Олеся отвернулась спиной и глухо закашляла. Знать, помутилось нутро ее от вида крови да смерти человеческой. А от боли чужой сердце заекало-застрекотало.
– Боля… Болечка… – всхлипнула девица. – Ты, если не боишься, посмотри людей убиенных. Железки собери… Батьке все сгодиться.
– Железки… Надо бы мертвых погребению предать, по обычаю нашему, славянскому. Негоже лежать здесь телам, на потеху проклятым воронам.
– Вот, услышал, Лешка? – дернул Вересень молодого лешака. – Обычай у них такой – сжигать мертвых. Сейчас костер соберут да запалят упокойничков. Дерева порубят, кору младую пообдирают. Отравят вонью своей зверье на многие версты вокруг, жженым мясом людским весь лес прокоптят. Ууух, шугануть бы их…
– Дядько! Мне этот Болька знакомым кажется. Может, друг мой али братик? – выспросил Лешка, печалуясь.
– Чур тебя! Чур! Пень через плетень! Злое копыто под бабье корыто! Не может быть у лешака ни друга, ни братика. Твоя семья, сам знаешь, кака! Дуб, я – Вересень да мамка твоя горбатая, Лебедунья. Понял?
Загрустил Лешка, зашевелил руками-листиками. Расстроился.
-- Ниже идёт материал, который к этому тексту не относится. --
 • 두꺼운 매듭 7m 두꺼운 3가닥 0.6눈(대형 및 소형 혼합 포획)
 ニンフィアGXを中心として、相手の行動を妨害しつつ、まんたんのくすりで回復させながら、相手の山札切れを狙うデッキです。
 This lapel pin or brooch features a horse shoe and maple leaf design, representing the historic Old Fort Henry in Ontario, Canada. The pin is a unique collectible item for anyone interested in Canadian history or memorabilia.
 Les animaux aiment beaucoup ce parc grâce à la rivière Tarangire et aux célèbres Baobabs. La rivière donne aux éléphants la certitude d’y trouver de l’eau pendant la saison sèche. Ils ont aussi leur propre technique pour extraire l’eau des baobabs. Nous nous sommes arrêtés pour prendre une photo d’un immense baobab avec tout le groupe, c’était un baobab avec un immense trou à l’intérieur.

– А девка-то хороша, хороша девка! – продолжал кряхтеть старый лешак. – Давай в лес заманим, кривыми дорожками заведем. Жинкой твоей будет и Лебедунье в помощь по хозяйству домашнему.
Но Лешка уже не слушал его, а во все глаза смотрел на поляну. А там белокурый русич осторожно бродил меж мертвых тел, гоняя уже успевших прилететь на пир смерти воронов. Птицы черные каркали и уходить не спешили.
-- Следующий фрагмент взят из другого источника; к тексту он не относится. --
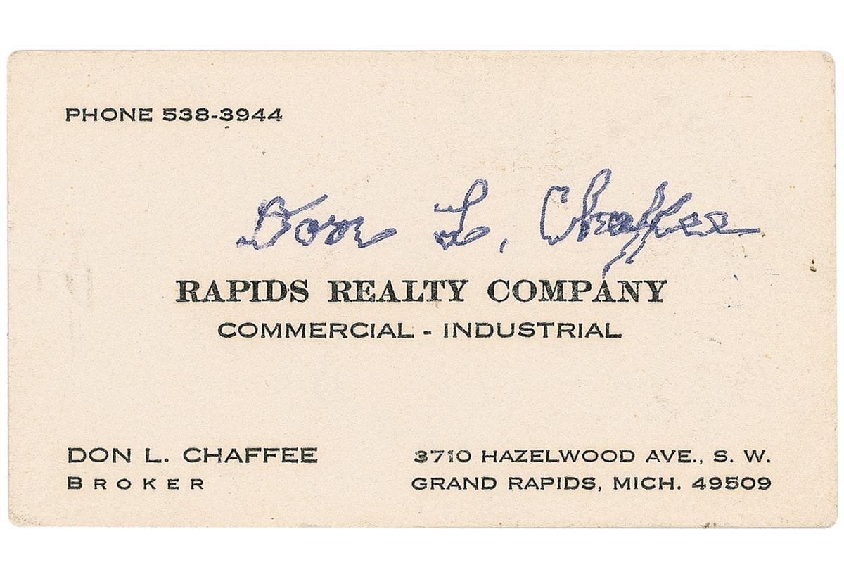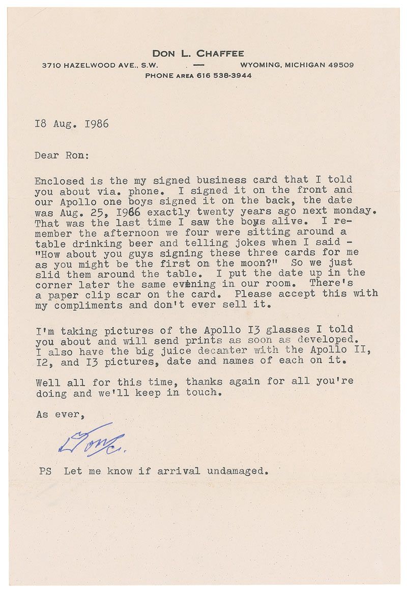 Accompanied by a 1986 letter of provenance from Don Chaffee, reading, in part: “Enclosed is my signed business card…I signed it on the front and our Apollo one boys signed it on the back, the date was Aug. 25, 1966…This was the last time I saw the boys alive. I remember the afternoon we four were sitting around a table drinking beer and telling jokes when I said—’How about you guys signing these three cards for me as you might be the first on the moon?’ So we just slid them back around the table. I put the date up in the corner later that same evening in our room.”

Вдруг очнулся один из людей павших. Затряс волосьем смоляным, закашлялся, кровавую слюну сплевывая. Поднял чернявый человече окровавленную голову и застонал:
– Спасите, братцы…
– Сейчас-сейчас… – Болеслав стремглав подбежал помогать раненому.
Лешка же, непонятно зачем, открыл свой разум, и в его голову опять ворвались мысли окружающих живых существ. На этот раз молодой леший быстро отделил думы людские от желаний животных. Девчонка об парне своем мечтала, мгновения счастливые вспоминала, но и смерти боялась. Первый раз столько мертвых тел видела, да не красиво убранных, готовых к погребению, а смятых, изорванных, словно старые тряпичные куклы… Болька желал помочь побитому оборванцу, но и о попутчице своей не забывал. А вот оборванец…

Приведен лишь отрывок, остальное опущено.